What to do: Copy each line below as written, but skip the pictures.

Source data:
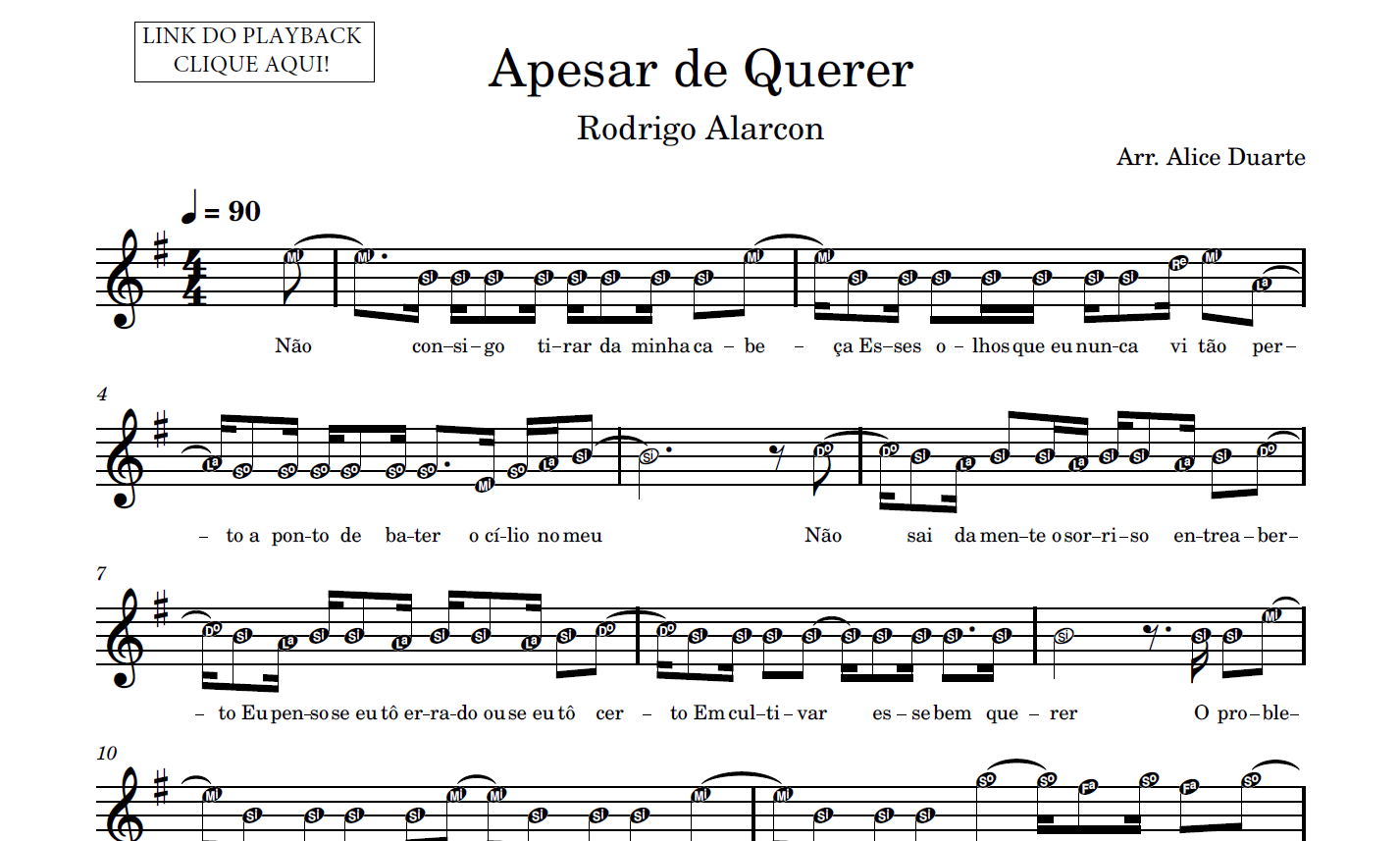 Partitura em formato PDF, com melodia na clave de sol, letra da música, nome das notas e link para o playback utilizado no vídeo.
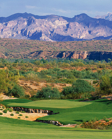 就是在这样瑰丽梦幻到不真实的自然景致里,设计师们打造出了300多家风格各异的球场,有些更是发展了独具风格的高尔夫度假村,许多俱乐部都配套不止一个18洞球场。对于喜欢在强烈的色彩中寻找奔放自由的球友来说,亚利桑那就是一个天堂。请紧跟着,看看亚利桑那不得不打的最热火四射的球场吧。
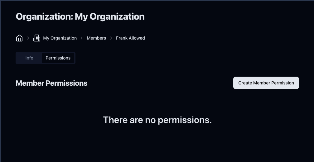 Click Create Member Permission, and a modal will pop up. Here, you can select the project, resource, and verb.
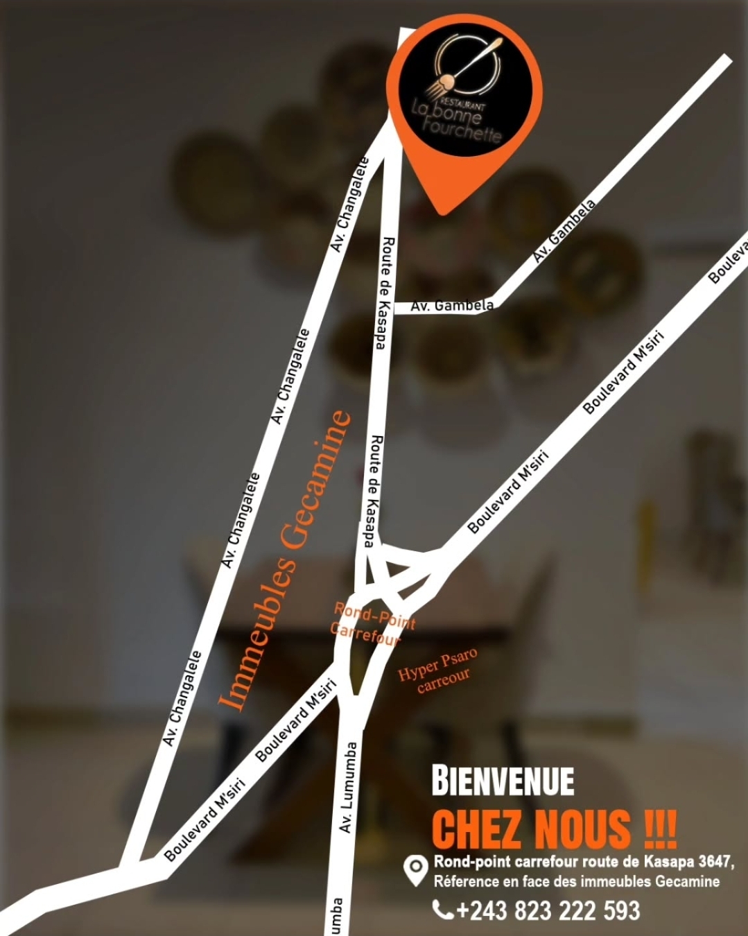 • Ouvert 7j/7 de 12h00 - 22h00 sur route de kasapa en face des immeubles gecamines non loin du rond-point carrefour

Written solution:
 Partitura em formato PDF, com melodia na clave de sol, letra da música, nome das notas e link para o playback utilizado no vídeo.
 就是在这样瑰丽梦幻到不真实的自然景致里,设计师们打造出了300多家风格各异的球场,有些更是发展了独具风格的高尔夫度假村,许多俱乐部都配套不止一个18洞球场。对于喜欢在强烈的色彩中寻找奔放自由的球友来说,亚利桑那就是一个天堂。请紧跟着,看看亚利桑那不得不打的最热火四射的球场吧。
 Click Create Member Permission, and a modal will pop up. Here, you can select the project, resource, and verb.
 • Ouvert 7j/7 de 12h00 - 22h00 sur route de kasapa en face des immeubles gecamines non loin du rond-point carrefour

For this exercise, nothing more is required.